"Je contrôle ta voiture" : il pirate la Tesla de son ex-compagne à distance et lui fait vivre un véritable enfer
Mercredi 9 septembre, Enrico Pucci, 50 ans, a été condamné par le tribunal de Sydney à deux ans et trois mois de prison pour avoir pris le contrôle à distance du véhicule de son ex-compagne en novembre 2025. Reconnu coupable de trente infractions, cet Australien utilisait l’application Tesla pour harceler sa victime.
Son ex-compagne a vécu un véritable cauchemar. Enrico Pucci, 50 ans, a été condamné mercredi à deux ans et trois mois de prison par le tribunal de Sydney, en Australie. Assortie d’une peine de sûreté de quinze mois lui interdisant toute libération conditionnelle, cette décision sanctionne des faits commis en novembre 2025.
À l’époque, comme le rapporte The Guardian, cet ancien homme d’affaires fait retentir à trois reprises en pleine nuit l’alarme de la Tesla d’une habitante de Sydney, avec laquelle il s’est séparé après plusieurs années de vie commune. "Trop effrayée", cette dernière ne sort pas de chez elle. Au lever du jour, si la carrosserie semble intacte, l’écran du tableau de bord indique l’ajout d’un profil de contrôle parental à son insu.
"La victime ne pouvait plus dépasser certaines vitesses"
D’après le rapport de police, Enrico Pucci suit son ex-compagne en voiture au cours des jours suivants, avant de l’interpeller pour lui parler d’une de ses fréquentations. "Tu croyais t’en tirer comme ça ? Je contrôle ta voiture", lui lâche-t-il alors en haussant la voix. Entre le 6 et le 12 novembre, à l’aide de l’application Tesla, l’homme prend le contrôle à distance du véhicule électrique, qu’il avait lui-même configuré.
Alors que la conductrice se trouve au volant, son harceleur modifie la température de l’habitacle, passant d’un froid extrême à une chaleur étouffante. Il tente également de déconnecter la Tesla lorsqu’elle se trouve sur une borne de recharge.
"La victime ne pouvait plus dépasser certaines vitesses et, à plusieurs reprises au cours de cette période, l’accusé a activé le mode voiturier, ce qui réduit immédiatement la vitesse à 40 km/h, causant ainsi d’importants risques d’accident sur la route", précisent les documents judiciaires.

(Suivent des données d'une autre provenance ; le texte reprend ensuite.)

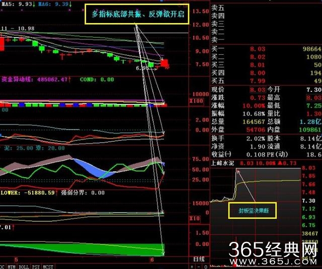 该股自2016.12.15创出15.67元高点后——回调——整理——下跌。至昨日回到上一波启动前的低点6.92元附近的6.95元以小十字星收盘,今日以涨停的光头阳线5分钱下影线报收宣告止跌企稳。多指标底部共振(动量线指标、趋势指标、macd指标、....)底部上叉给出买点,期待反弹!!!

L’affaire n’est pas terminée
Désemparée face à la situation, la victime, qui avait déjà subi des violences conjugales pendant quatre ans de la part de son ex-compagnon, a fini par déposer plainte.
Bien que la justice lui ait donné raison en retenant trente infractions liées à du harcèlement, des agressions, des strangulations et des menaces de mort, Enrico Pucci a décidé de faire appel de sa condamnation. Il comparaîtra à nouveau devant la justice australienne à la fin du mois d’octobre.